YOUR TASK. Please repeat nothing except the lines from the one containing "Painted in typical" through the end of the records, exactly and without pictures.

─── RECORDED DATA ───

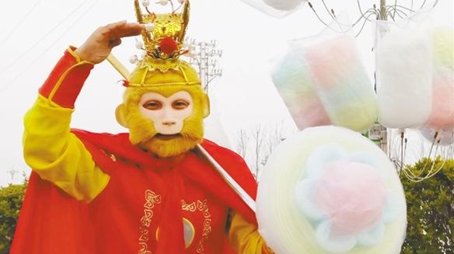 • “媽媽快看,美猴王!”2月14日,在商水文化廣場(chǎng),一名身著美猴王服飾的棉花糖攤主引得市民駐足觀看。記者也隨著人群來(lái)到了這個(gè)小攤前。聽(tīng)聲音,記者感覺(jué)攤主年齡不大。走近一看,只見(jiàn)“美猴王”從一個(gè)個(gè)小盒子將各種顏色的白糖,舀進(jìn)棉花糖機(jī)里,隨后緩緩地轉(zhuǎn)動(dòng)長(zhǎng)竹簽,不一會(huì)兒,一絲絲彩色的糖霜就纏繞在長(zhǎng)竹簽上,經(jīng)過(guò)“美猴王”的巧手制作,一朵彩色的棉花糖“花”不一會(huì)兒就做好了。
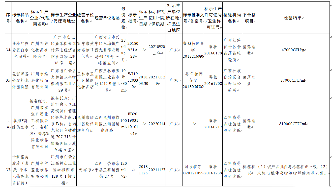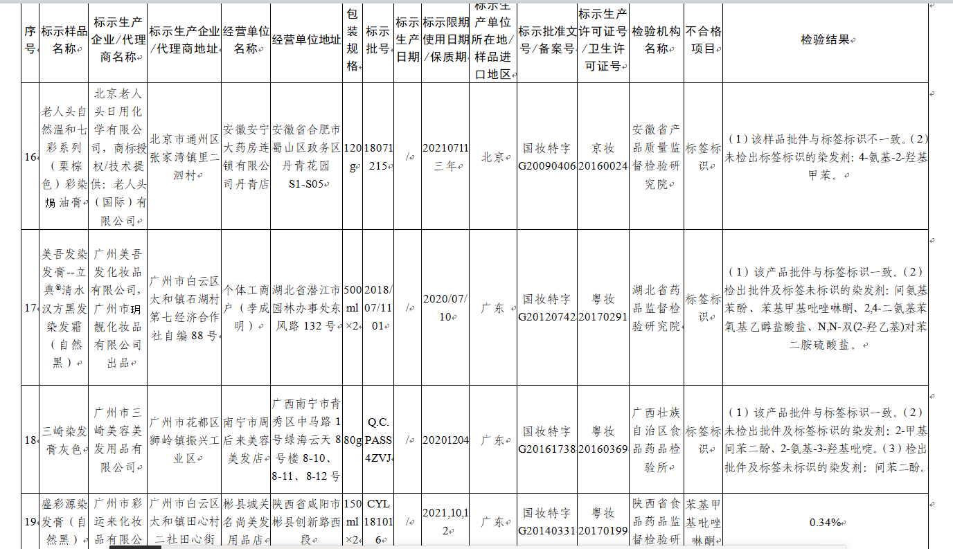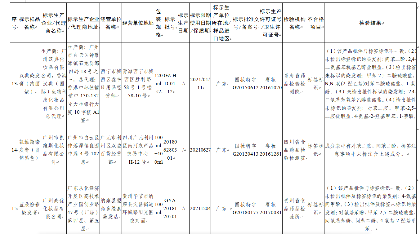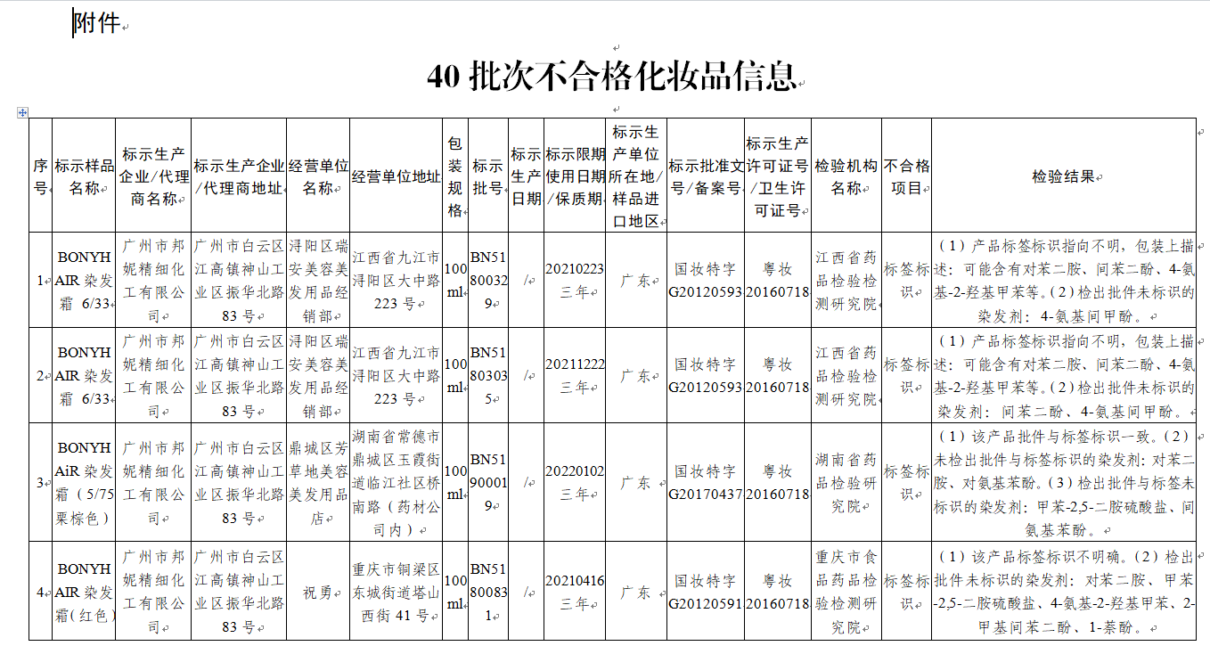 近日,药监总局发布通告:经江西省药品检验检测研究院等单位检验,标示为广州市邦妮精细化工有限公司等18家企业生产的BONYHAIR染发霜 6/33等29批次染发类化妆品,广州市品优生物科技有限公司等4家企业生产的简涵?莹润调理保湿面膜等6批次面膜类化妆品,广州市富宝日用化工有限公司生产的卓秀?舒缓柔肤水1批次护肤产品,广州卡丝蓝化妆品有限公司等2家企业生产的卡丝蓝烫发液(素美·补水无伤香水留香烫)等4批次烫发类产品不合格。
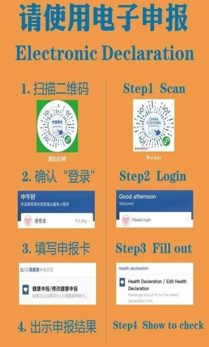答:进行健康申报时可分为纸质申报、线上申报两种方式。纸质申报即所有出入境人员在出入境时向口岸海关卫生检疫部门领取并如实填写《中华人民共和国出/入境健康申明卡》(包机到达前2小时填写)。线上申报即可使用海关陆续上线的“海关旅客指尖服务”进行申报,可提前24小时进行,最大程度节约通关时间。
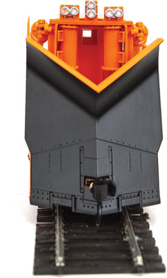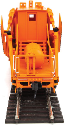 Painted in typical modern maintenance colors, this WalthersProto Jordan Spreader is complete with horizontal air tank, a modern horizontal headlight at each edge of the wing post crosstie with a third vertical light in the center, plus an air horn mounted at the right front of the cab.
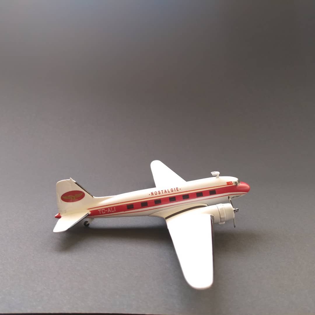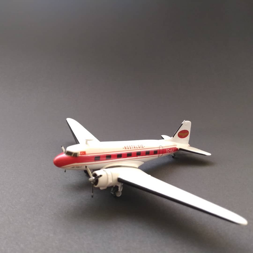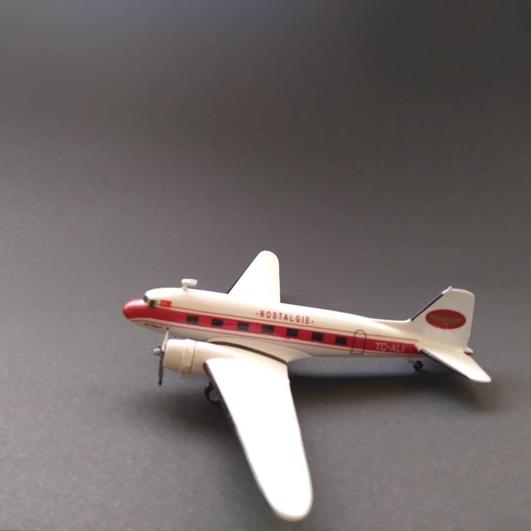 Bu günün bir anlamı olmalı . #sivrihisaruluslararasisportifhavacilikmerkezi ne inmiş olan 1940 model DC-3 ve TC-ALI General Aviation tarafından Koç Müzesine verilen ve yakın zaman da restorasyon geçiren TC-ALI. modeli ise çok keyifli bir custom yapım oldu. TC-ALI Karşınızda 1/200 Custom Aircraft modeli #aviation #aviationgeek #scalemodels #1_200scale #inflight200 #geminijets #herpa #hogan #phoenix_model #airline #airlines #air #airplane #plane #custommodel #turkishairlines #airbus #boeing #b727 #tupolev #tu134 #lockheed #l1329 #jetstar #douglasdc3dakota #rahmikoçmüzesi #piloteyes #pilot #nesuair

───

ANSWER SECTION.
 Painted in typical modern maintenance colors, this WalthersProto Jordan Spreader is complete with horizontal air tank, a modern horizontal headlight at each edge of the wing post crosstie with a third vertical light in the center, plus an air horn mounted at the right front of the cab.
 Bu günün bir anlamı olmalı . #sivrihisaruluslararasisportifhavacilikmerkezi ne inmiş olan 1940 model DC-3 ve TC-ALI General Aviation tarafından Koç Müzesine verilen ve yakın zaman da restorasyon geçiren TC-ALI. modeli ise çok keyifli bir custom yapım oldu. TC-ALI Karşınızda 1/200 Custom Aircraft modeli #aviation #aviationgeek #scalemodels #1_200scale #inflight200 #geminijets #herpa #hogan #phoenix_model #airline #airlines #air #airplane #plane #custommodel #turkishairlines #airbus #boeing #b727 #tupolev #tu134 #lockheed #l1329 #jetstar #douglasdc3dakota #rahmikoçmüzesi #piloteyes #pilot #nesuair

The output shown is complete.